*PROBLEM REQUIREMENTS*
Please set down every entry again exactly as it stands, without the pictures.

*SOURCE RECORDS*
....
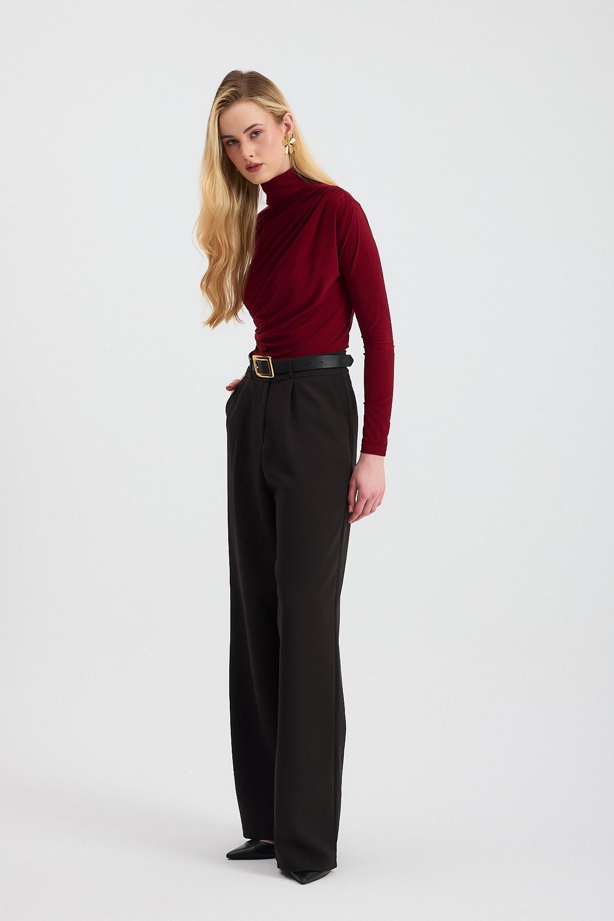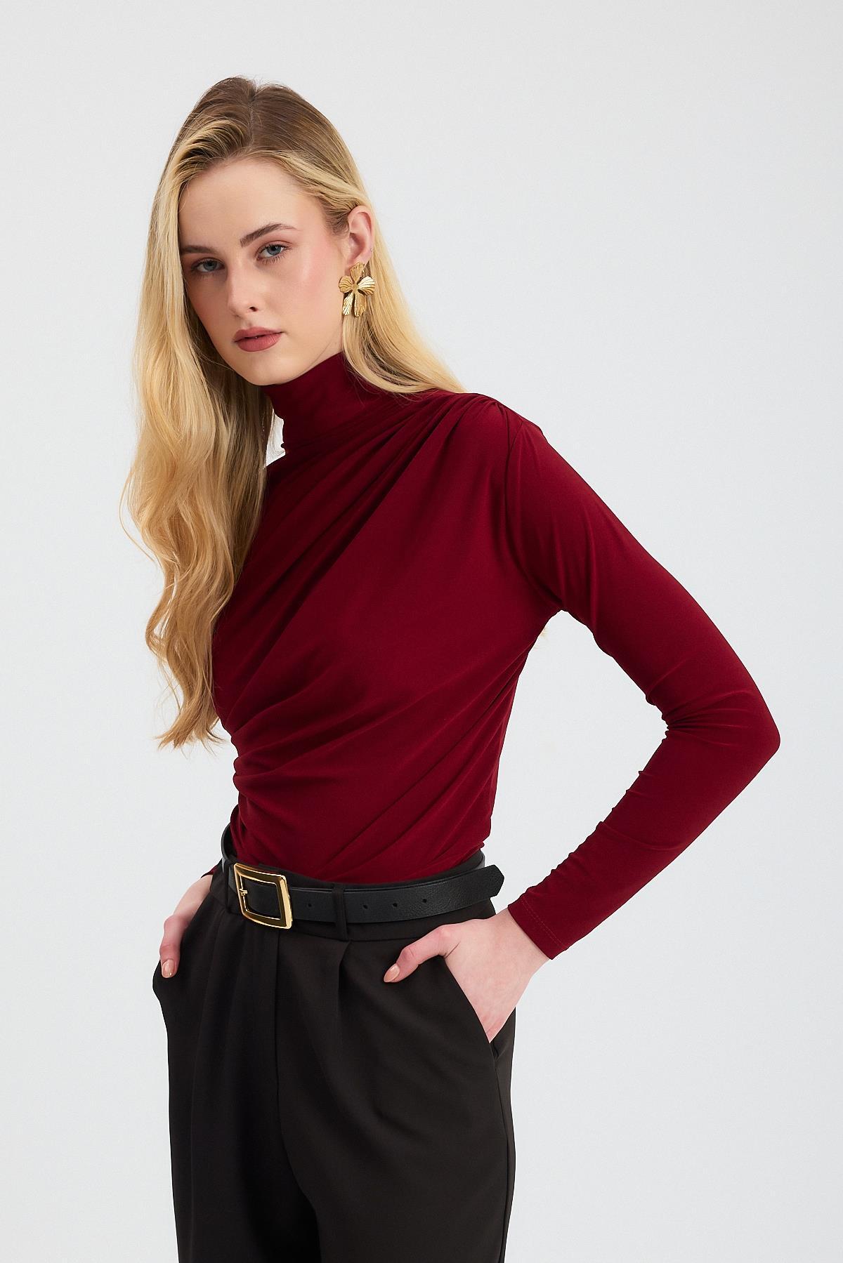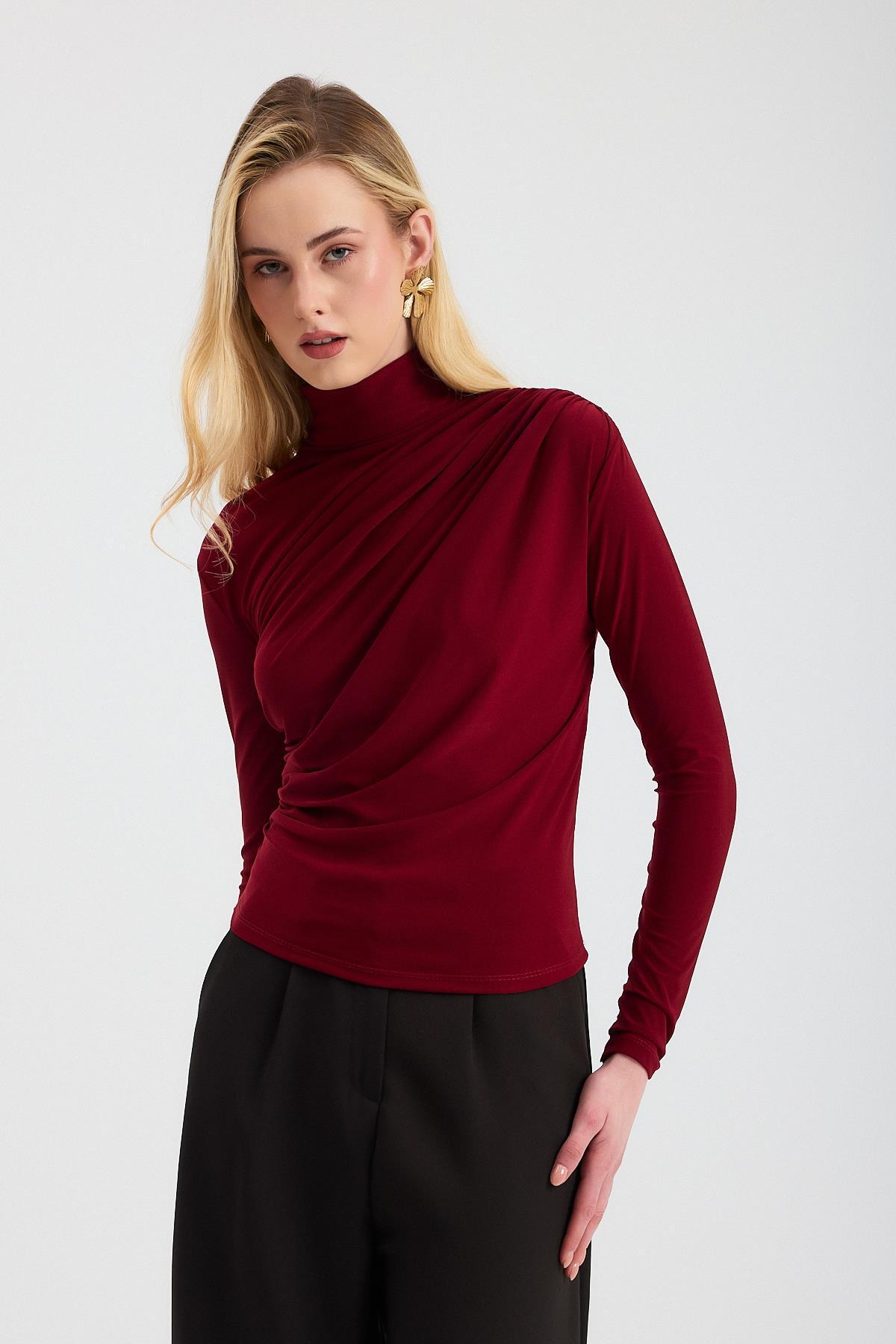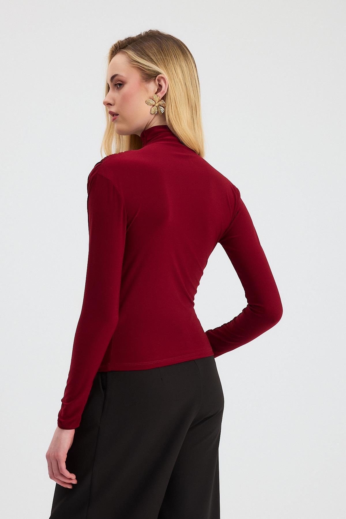 20059 Büzgü Detay Sandy Bluz Bordo
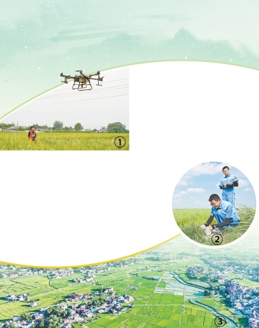圖①:四川省綿陽市安州區(qū)河清鎮(zhèn)同盛村雜交水稻制種基地,農技人員操作植保無人機對水稻授粉。張祖強攝(人民視覺) 圖②:中化環(huán)境吉林分公司職員在大安市龍沼鎮(zhèn)龍海灌片03片區(qū)的水稻田內取測水樣。新華社記者 李 賀攝 圖③:江西省萍鄉(xiāng)市上栗縣桐木鎮(zhèn)湖塘村鄉(xiāng)村風光。李桂東攝(人民視覺)
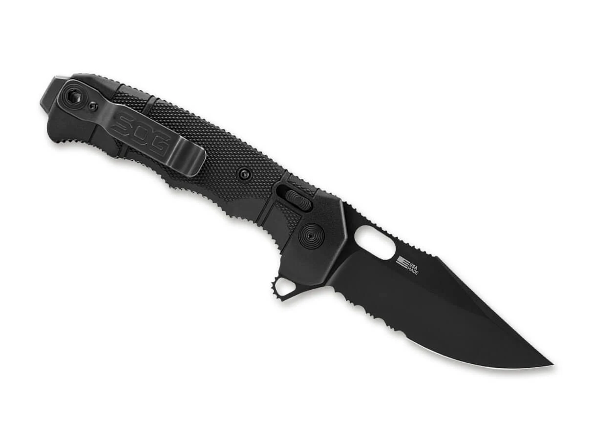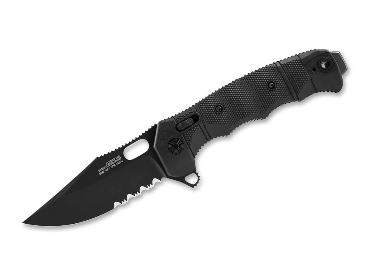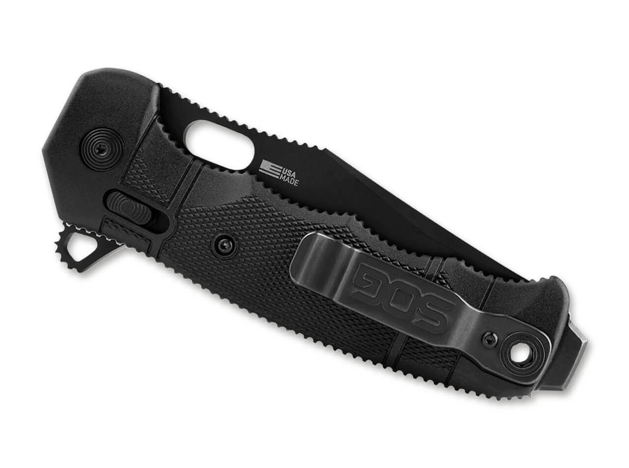 Das SEAL XR von SOG wurde in Zusammenarbeit mit professionellen Einsatzkräften entwickelt, getestet und optimiert. Das stabile Taschenmesser steht den feststehenden SEAL Modellen in Bezug auf Sicherheit und Funktionalität in nichts nach und überzeugt insbesondre mit hoher Korrosionsbeständigkeit und hervorragender Schnitthaltigkeit. Die Klinge wird per Daumenöffnung oder Flipper geöffnet und durch den zuverlässigen XR-Lock gesichert, der über den seitlichen Schieber im Griff leicht und komfortabel zu bedienen ist. Die schwarze Klinge mit Teilwellenschliff wird aus pulvermetallurgischen CPM-S-35VN gefertigt und ist mit einer widerstandsfähigen Cerakote- Beschichtung versehen. Der Griff besteht aus rutschfestem, strukturiertem GRN und liegt stets sicher in der Hand, das hervorstehende Griffende ist als Hammerfläche ausgeformt. Zusätzliche Riffelungen am Klingen- und Griffrücken erhöhten die Arbeitssicherheit. Mit umsetzbarem Clip (Tip-up/l-r). Made in USA.
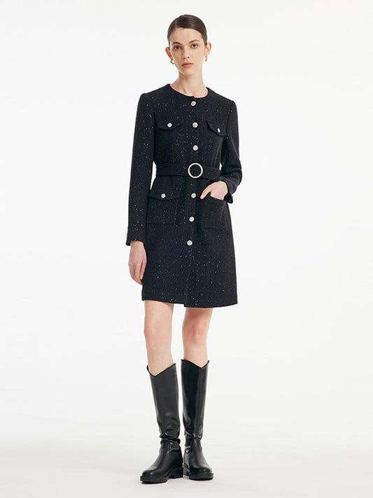 Çıkarılabilir Yaka Detaylı Tweed Bel Vurgulu Yünlü Elbise
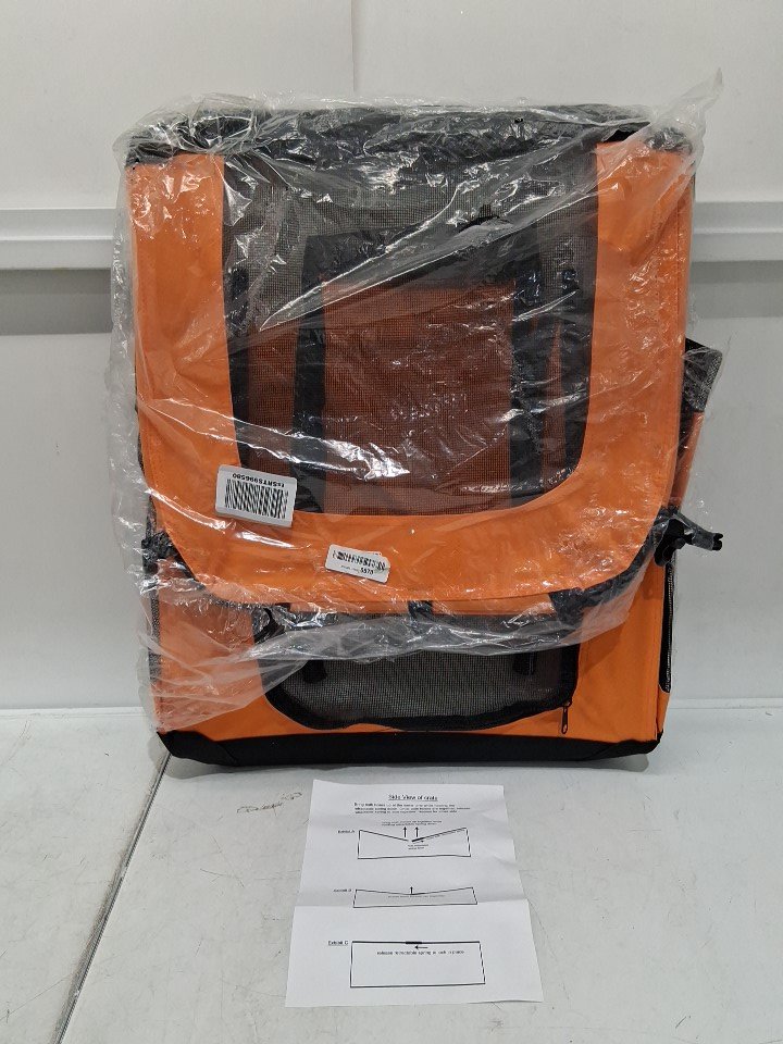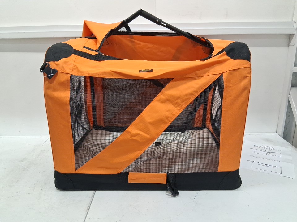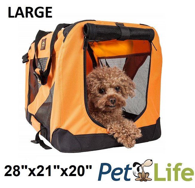 PET LIFE VISTA VIEW ZIPPERED SOFT FOLDING COLLAPSIBLE METAL FRAMED PET CRATE/DOG HOUSE - LARGE (28"X21"X20") - ORANGE
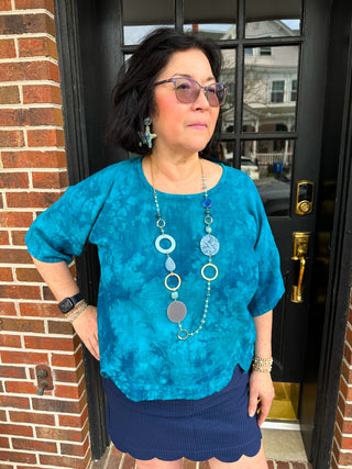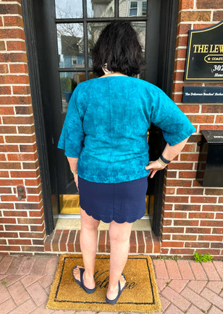 A cotton gauze blouse with a scallop hemline. The Scallop Top in Washed Peacock is a must-have for its fun and tie dye teal hue that radiates confidence. Perfect for adding a pop of color to your wardrobe, this striking shade enhances the elegant scallop hemline, making it a standout piece for any occasion.
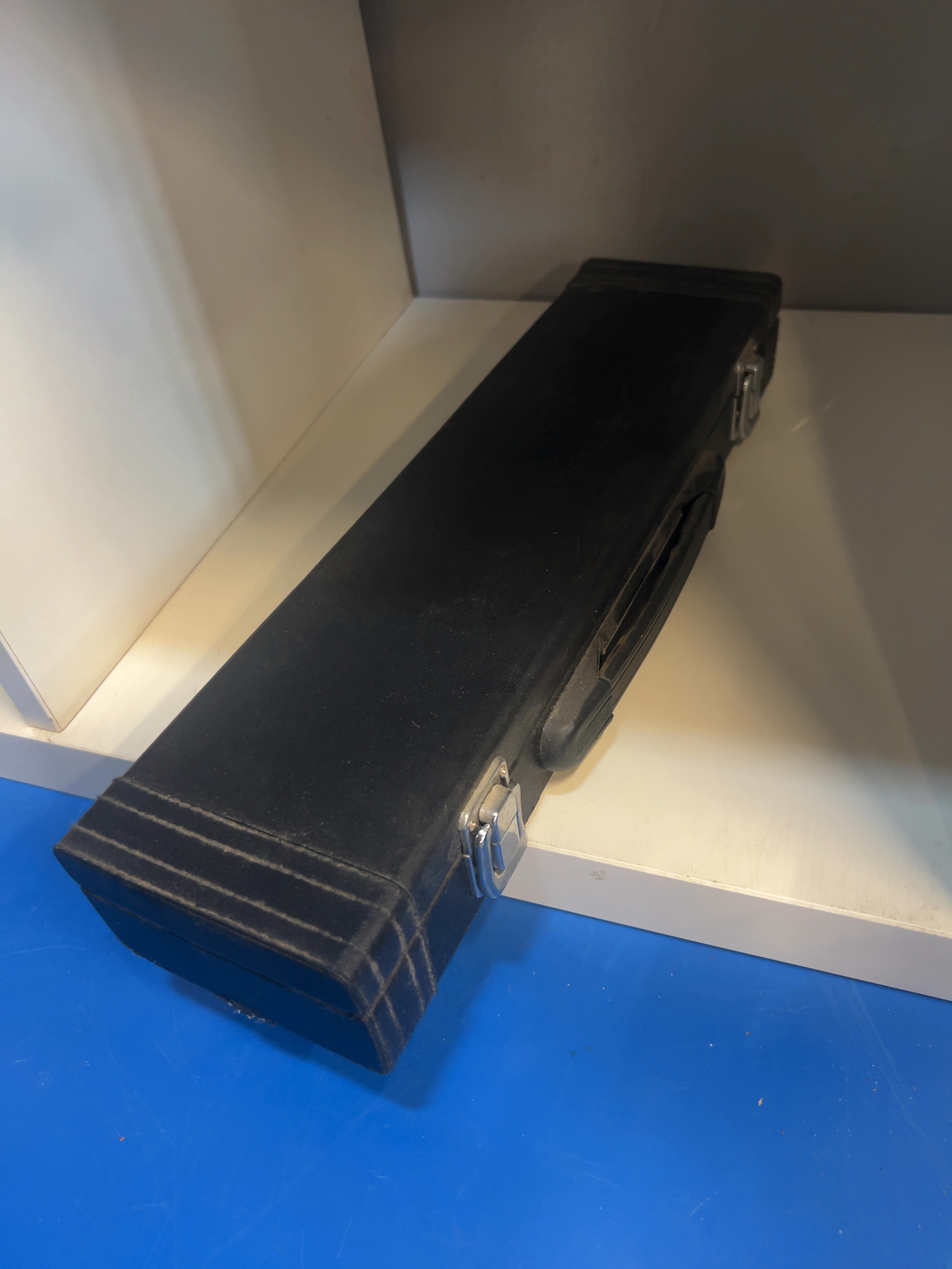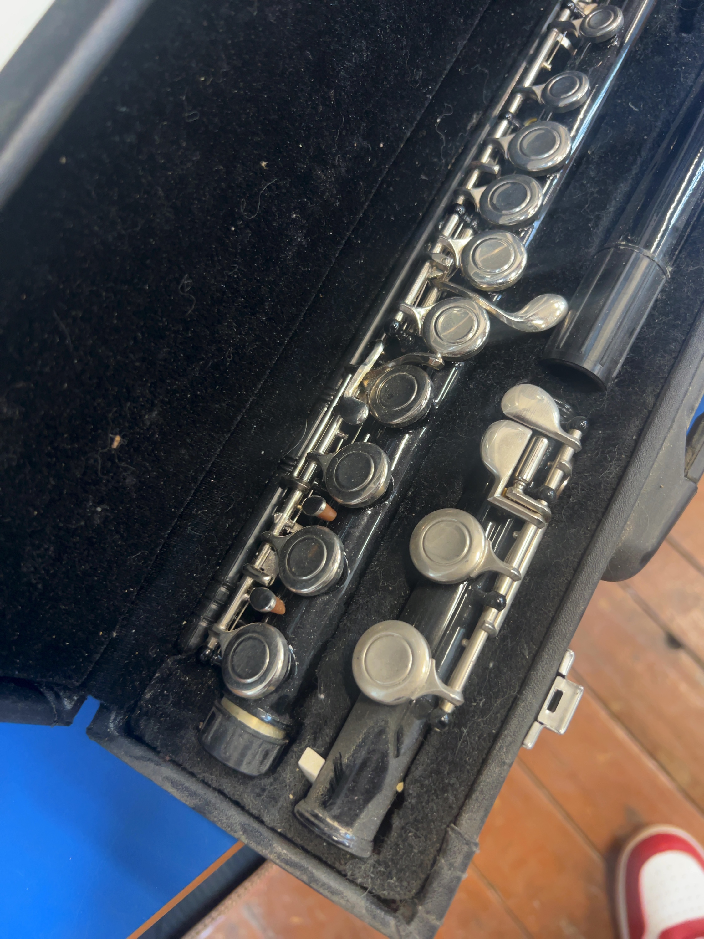 The instrument is in used condition. Visible tarnishing and oxidation are present on the silver-tone keys and mechanical components. Dust has accumulated within the fine mechanisms and the case interior. The pads are intact but exhibit yellowing consistent with age. There is visible wear to the cork joints. The case exterior shows scuffing and general wear from use. The instrument is sold as seen and likely requires professional cleaning and servicing to ensure full playability.
....
*OUTPUT OF THE TASK*
 20059 Büzgü Detay Sandy Bluz Bordo
圖①:四川省綿陽市安州區(qū)河清鎮(zhèn)同盛村雜交水稻制種基地,農技人員操作植保無人機對水稻授粉。張祖強攝(人民視覺) 圖②:中化環(huán)境吉林分公司職員在大安市龍沼鎮(zhèn)龍海灌片03片區(qū)的水稻田內取測水樣。新華社記者 李 賀攝 圖③:江西省萍鄉(xiāng)市上栗縣桐木鎮(zhèn)湖塘村鄉(xiāng)村風光。李桂東攝(人民視覺)
 Das SEAL XR von SOG wurde in Zusammenarbeit mit professionellen Einsatzkräften entwickelt, getestet und optimiert. Das stabile Taschenmesser steht den feststehenden SEAL Modellen in Bezug auf Sicherheit und Funktionalität in nichts nach und überzeugt insbesondre mit hoher Korrosionsbeständigkeit und hervorragender Schnitthaltigkeit. Die Klinge wird per Daumenöffnung oder Flipper geöffnet und durch den zuverlässigen XR-Lock gesichert, der über den seitlichen Schieber im Griff leicht und komfortabel zu bedienen ist. Die schwarze Klinge mit Teilwellenschliff wird aus pulvermetallurgischen CPM-S-35VN gefertigt und ist mit einer widerstandsfähigen Cerakote- Beschichtung versehen. Der Griff besteht aus rutschfestem, strukturiertem GRN und liegt stets sicher in der Hand, das hervorstehende Griffende ist als Hammerfläche ausgeformt. Zusätzliche Riffelungen am Klingen- und Griffrücken erhöhten die Arbeitssicherheit. Mit umsetzbarem Clip (Tip-up/l-r). Made in USA.
 Çıkarılabilir Yaka Detaylı Tweed Bel Vurgulu Yünlü Elbise
 PET LIFE VISTA VIEW ZIPPERED SOFT FOLDING COLLAPSIBLE METAL FRAMED PET CRATE/DOG HOUSE - LARGE (28"X21"X20") - ORANGE
 A cotton gauze blouse with a scallop hemline. The Scallop Top in Washed Peacock is a must-have for its fun and tie dye teal hue that radiates confidence. Perfect for adding a pop of color to your wardrobe, this striking shade enhances the elegant scallop hemline, making it a standout piece for any occasion.
 The instrument is in used condition. Visible tarnishing and oxidation are present on the silver-tone keys and mechanical components. Dust has accumulated within the fine mechanisms and the case interior. The pads are intact but exhibit yellowing consistent with age. There is visible wear to the cork joints. The case exterior shows scuffing and general wear from use. The instrument is sold as seen and likely requires professional cleaning and servicing to ensure full playability.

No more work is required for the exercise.